Fintech firms, including OPay, Moniepoint, and others, have begun informing their clientele that, as of September 9, they will start deducting N50 for the Electronic Money Transfer Levy (EMTL) from each and every input of N10,000 or more.
The deduction is in compliance with the Federal Inland Revenue Service (FIRS) directive, as stated by the fintech companies. Even though the fees go to the federal government, some fintechs offer free banking services as a result of this mandated reduction.
Customer message
Moniepoint sent out a brief notification on Saturday to its clientele, which stated: “An N50 fee would be charged on inflows you receive of N10,000 and above from Monday, September 9, 2024. Your BRM is available to answer questions you might have.”
OPay, for its part, informed its customers that the deduction is intended for EMTL following federal directives.
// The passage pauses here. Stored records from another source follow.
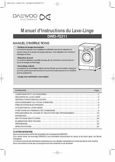 DAEWOO DWD-F2211 Guía del usuario Francés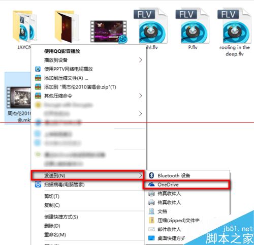 5、完成以后,即可在桌面任意文件夹中右键“发送OneDrive,这样就可以直接上传文到“OneDrive”了。省去打开OneDrive再上传的麻烦。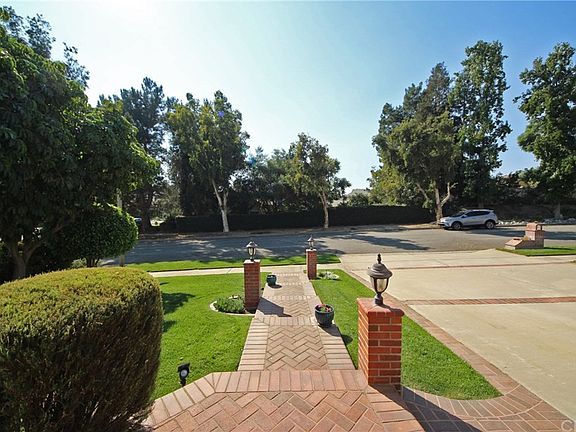 Gorgeous home in Upland is located in a wonderful neighborhood north of the 210 Freeway! Inviting curb appeal with an healthy lawn, bricked steps & covered porch entryway with sidelites & brick flooring. Enjoy an open floor plan with high ceilings, extensive use of plantation shutters and a main level bedroom ideal for guests or your office. Sunken formal living room offers ample wall space for artwork & mirrors. It opens to the spacious formal dining room perfect for fun dinner parties. In the kitchen you have granite counter tops, a built-in range, GE® oven & more. The breakfast bar opens to the informal dining area under a vaulted ceiling with a contemporary ceiling fan light. From here you are open to the family room with a custom media center, wine bottle storage, beautiful fireplace, wet bar and wood framed sliding door to the patio. There is a bedroom on this level, as well as a bathroom with a shower & doorway to the side patio. Double doors open to a gorgeous master suite with a sitting area, high vaulted ceiling & relaxing bathing quarters. Enjoy the soaking tub, separate shower, walk-in closet, double sinks and glam bar. Main level laundry room has a folding station & storage. The 3 car attached garage has space for a workshop area or more storage. Delightfully landscaped backyard has a mountain view, expansive brick & concrete patio for entertaining, lawn areas & plenty of space for dogs to run. If you are looking for an exceptional Upland home, this is the one!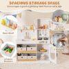 Ample Storage Options: Keep everything organized with 4 removable and foldable non-woven storage bins, 3 hanging hooks for utensils, an open shelf, a cabinet with shelves, and a cupboard. The play kitchen with storage is perfect for teaching kids about cleanup and organization.
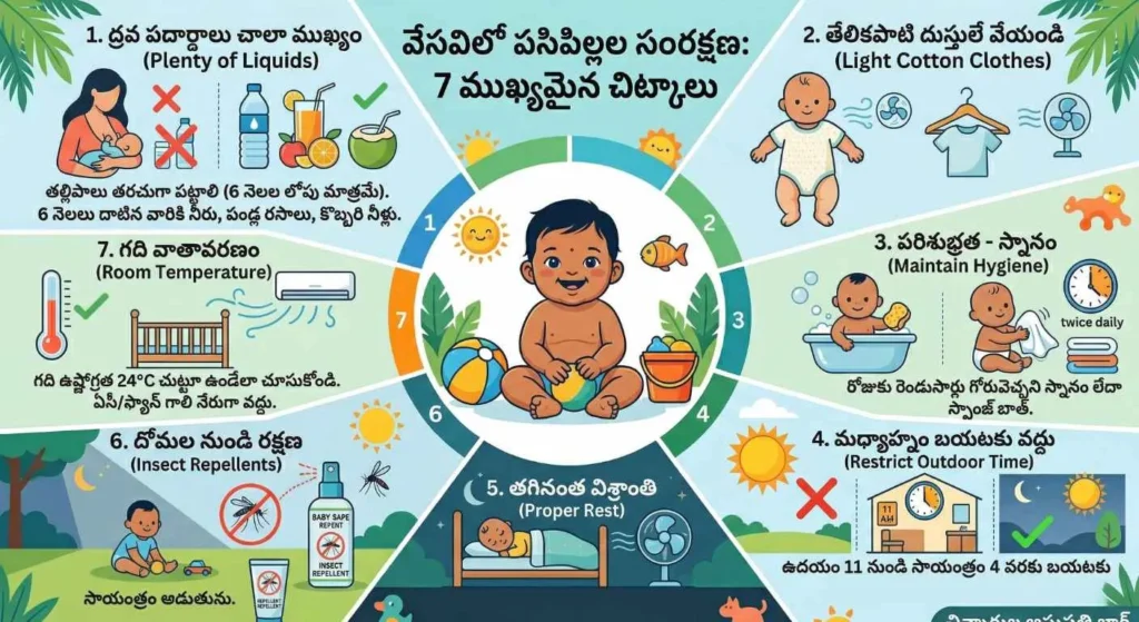 ఎండల తీవ్రత చూసి కంగారు పడకండి. పిల్లలను ఎప్పుడూ చల్లగా ఉండేలా చూసుకోవడం, వదులైన కాటన్ దుస్తులు వేయడం, పరిశుభ్రత పాటించడం మరియు తగినన్ని ద్రవ పదార్థాలు (ముఖ్యంగా 6 నెలల లోపు పిల్లలకు కేవలం తల్లిపాలు) అందిస్తే చాలు… మీ చిన్నారి ఈ వేసవిని చాలా ప్రశాంతంగా, హ్యాపీగా గడిపేస్తుంది.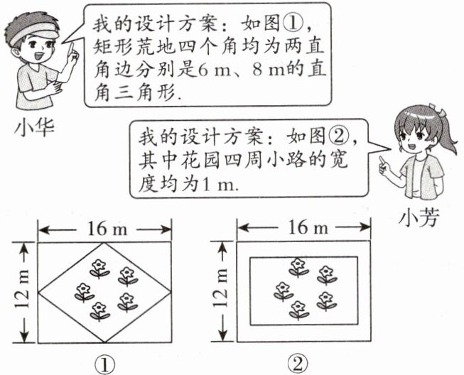 10. 情境题 情景对话 要在一块长16m、宽12m的矩形荒地上建造一个花园,要求花园面积是荒地面积的一半,下面分别是小华与小芳的设计方案.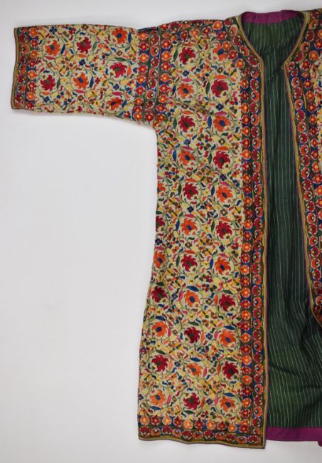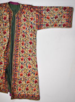 19th / 20thC Indian embroidered coat or coat dress, with a note stating the coat was gifted in the late 1940s after partition by the last Mir of the Talpurs (Sind province). Note states the coat to be early 1800s, in our opinion, more likely late 19th / 20thC, length 114cm. Please see photograph of the note, images online show the last Mir wearing a similar coat, but not this garment.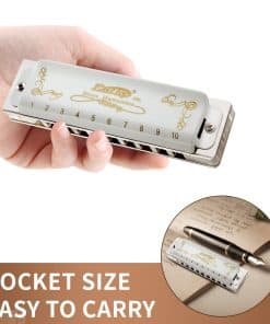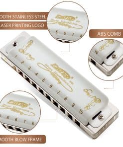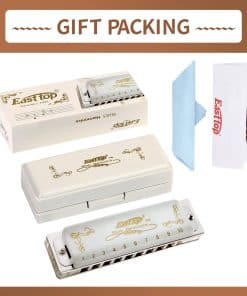 Armonica Blues East top, 10 Agujeros 20 Tonos Diatónico Armónica Blues Llave de F con Cubierta Blanca, T008L Armónica para Adultos, Profesionales y Estudiantes. Esta armónica diatónica profesional de 10 agujeros de East top, adecuada para Blues, Folk, Rock, Country, Jazz, etc., es ideal tanto para músicos de armónica profesionales como para principiantes. Presenta una exquisita mano de obra, una hermosa apariencia, un tono preciso y una respuesta receptiva. Las lenguas de bronce de precisión, la placa de lengüeta de latón (1,2 mm de grosor) con electrochapado, la cubierta de latón con pintura blanca y peine acrílico se combinan para ofrecer un sonido rico, una respuesta eficaz y una hermeticidad óptima. Sentirás comodidad al tocar, siendo fácil de utilizar técnicas como overblowing y bending, lo que brinda al intérprete una nueva experiencia. Además, gracias a su tamaño compacto de (4.01x 1.06x 0.75)»/ (102x 27 x 19)mm (L x W x H), podrás llevarla contigo a todas partes, ya sea en una fiesta, en la escuela, en la oficina o de viaje. Viene empaquetada de manera bella y se puede usar como regalo de cumpleaños, regalo de estudio adicional, recuerdo de vacaciones o regalo para reuniones de negocios y aniversarios de boda, entre otros. Incluye 1x armónica (llave de F), 1x instrucciones y 1x paño de limpieza. Somos el fabricante de armónicas de la marca East top. Respaldado por la garantía incondicional de devolución del dinero de 30 días de East top. Puedes comprar nuestros productos con total confianza.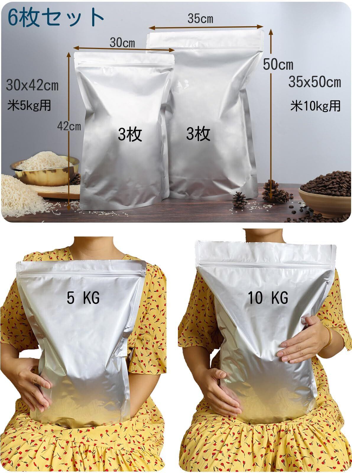 お米保存袋 米袋 5KG 10KG セット お米 保存容器 ジッパー付き アルミ袋 特大 チャック付き 遮光袋 お米いれ容器 冷蔵庫保存 密閉袋 大(6セット:5kg-3枚;10kg-3枚)

Opay disclosed this to his customers: “Please be informed that starting September 9th, 2024, a one-time fee of N50 will be applied to electronic transfers of N10,000 and above paid into your personal or business account in compliance with the Federal Inland Revenue Service (FIRS) regulations.
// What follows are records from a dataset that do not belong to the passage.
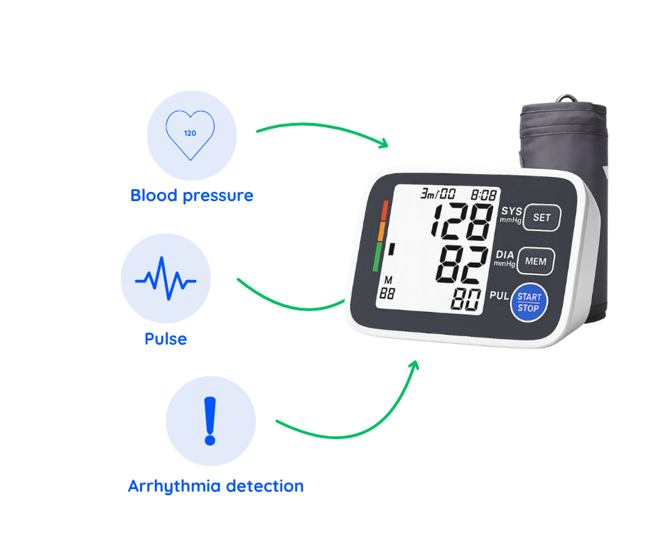 No more notebooks or unnecessary visits. Omply lets you handle your health follow-ups easily and safely from home. Blood pressure monitoring kit package includes a stethoscope and a blood pressure monitor.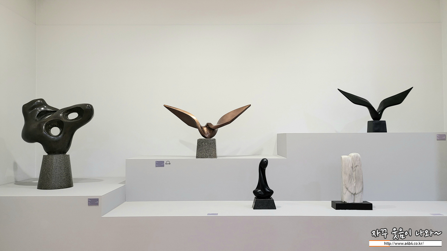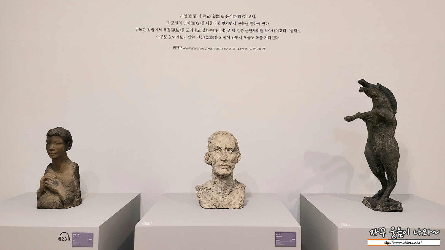 이제 아래층으로 내려가 마지막 '조각, 시대를 빛고 깎고' 섹션을 관람하시겠습니다.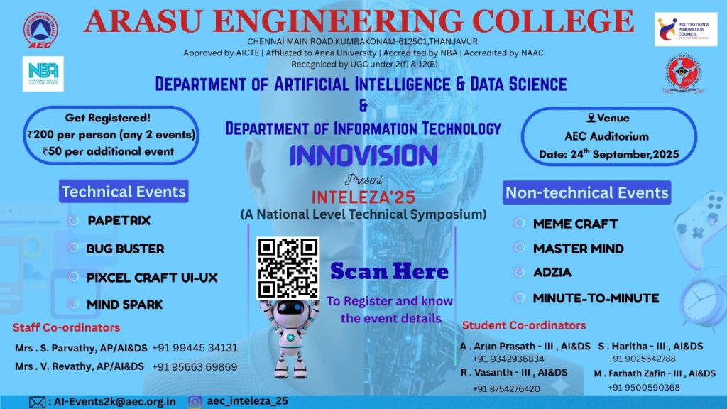 The Departments of Artificial Intelligence and Data Science & Information Technology organizes “INTELLEZA’25” a National level Technical Symposium on 24.09.25.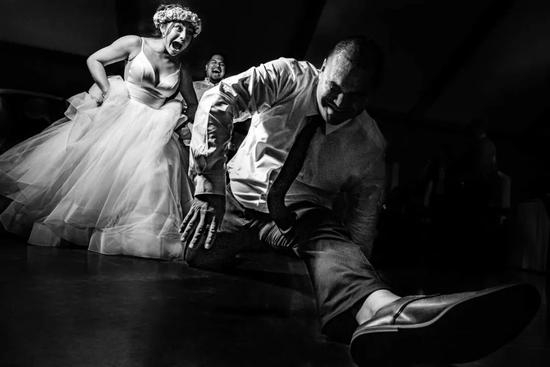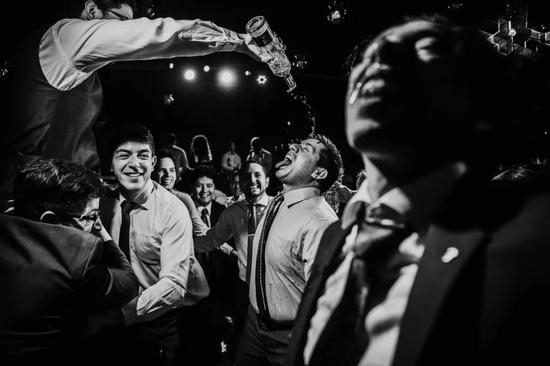 亚军得主Xenia Shabanova告诉人们,这张照片是在新人Chris和Natalie大婚前一晚,用无人机在酒店外拍下的。“我想表现新娘和新郎在步入婚姻殿堂前的心情,”Xenia Shabanova说,“画面里,新娘正在端详婚纱,而新郎则是喝一杯能让自己平复下来的威士忌。这可能也是他们以后婚姻生活的一个折射吧。”

“It is important to note that OPay does not benefit from this charge in any way as it is directed entirely to the Federal Government,” they added.
The EMTL, which was formerly limited to commercial banks, is now applicable to all fintech companies, including Paga and Palmpay, among others.
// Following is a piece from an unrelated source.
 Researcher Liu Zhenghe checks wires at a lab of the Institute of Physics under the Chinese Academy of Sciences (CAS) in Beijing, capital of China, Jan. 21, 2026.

Continuing, the federal government’s efforts to increase taxes and levies to boost its revenue may have something to do with this prolongation.
It is convenient to be aware that electronic money transfers or receipts in Nigeria are subject to a one-time N50 tax known as the Electronic Money Transfer Levy (EMTL), BrandSpur banking and finance news reports.
With the following exceptions, it covers any electronic fund transfers made within a bank or financial institution operating under a Nigerian licence:
Transactions under N10,000
Cash deposited into a personal account
Electronic funds transfers between the same owner’s accounts at the same bank
The Finance Act 2020 included the EMTL to promote the expansion of electronic fund transfers in Nigeria.
The three levels of government split the EMTL’s revenue. The federal government receives 15% of the EMTL revenue, state and local governments receive 50%, and the federal government receives 35%. This distribution of revenue is based on derivation.
Additionally, deposit banks were instructed by the FIRS in December of last year to deduct and remit the EMTL on future foreign currency (FCY) transactions.
Before then, local currency transactions were the only ones subject to the N50 fee on transactions above N10,000. As instructed by the tax regulator, the banks started deducting EMTL on old foreign currency transactions in January of this year for transactions spanning from 2021 to 2023.